◆ REQUIRED ACTION
Could you set down exactly the lines of the data below, starting at the one that holds "师恩难忘,成都中医药大学附院针灸学校至真堂门诊谢师恩推出福利活动" and ending at the one that holds "Your comfort hinges", both included, and only those?

─── SUPPLIED INFORMATION ───

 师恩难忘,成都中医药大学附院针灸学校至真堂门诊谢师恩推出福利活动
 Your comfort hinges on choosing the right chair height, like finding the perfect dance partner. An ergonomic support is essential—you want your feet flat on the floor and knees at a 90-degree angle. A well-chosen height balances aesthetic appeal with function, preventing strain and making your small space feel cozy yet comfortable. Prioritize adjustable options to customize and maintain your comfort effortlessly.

───
─── SUPPLIED INFORMATION ───

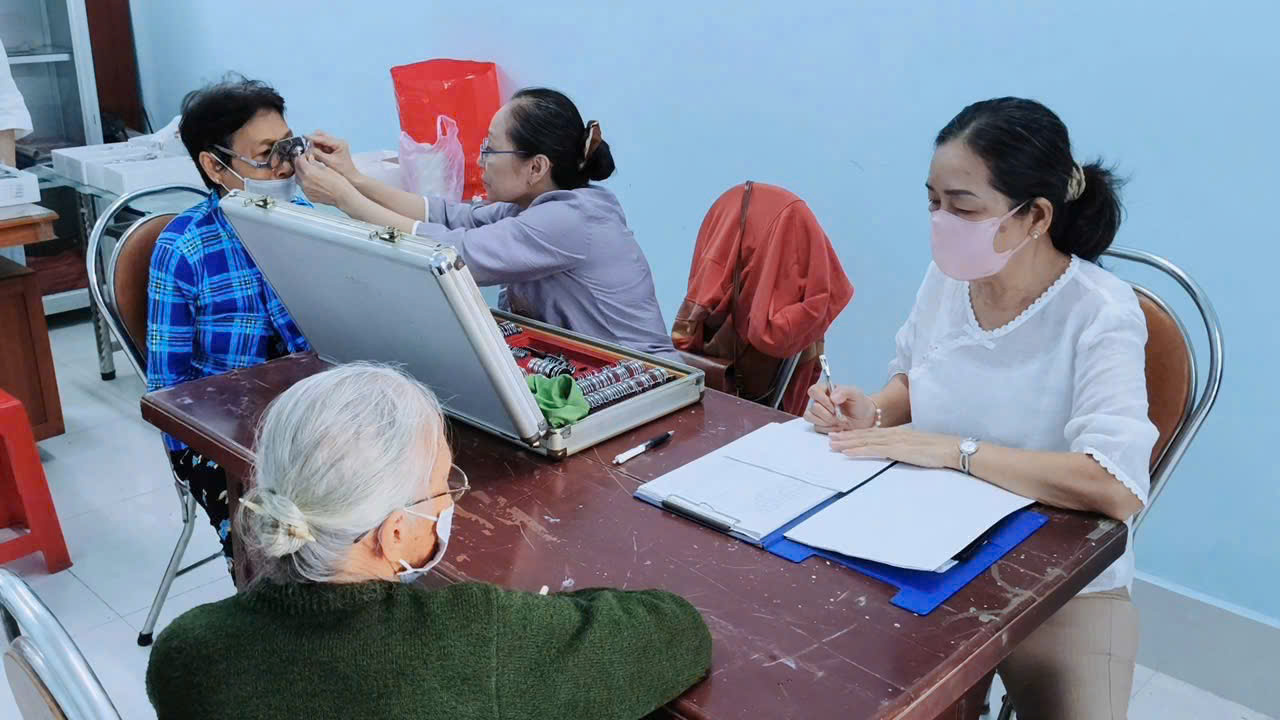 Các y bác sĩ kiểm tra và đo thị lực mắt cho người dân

───

◆ EXERCISE RESULT
 师恩难忘,成都中医药大学附院针灸学校至真堂门诊谢师恩推出福利活动
 Your comfort hinges on choosing the right chair height, like finding the perfect dance partner. An ergonomic support is essential—you want your feet flat on the floor and knees at a 90-degree angle. A well-chosen height balances aesthetic appeal with function, preventing strain and making your small space feel cozy yet comfortable. Prioritize adjustable options to customize and maintain your comfort effortlessly.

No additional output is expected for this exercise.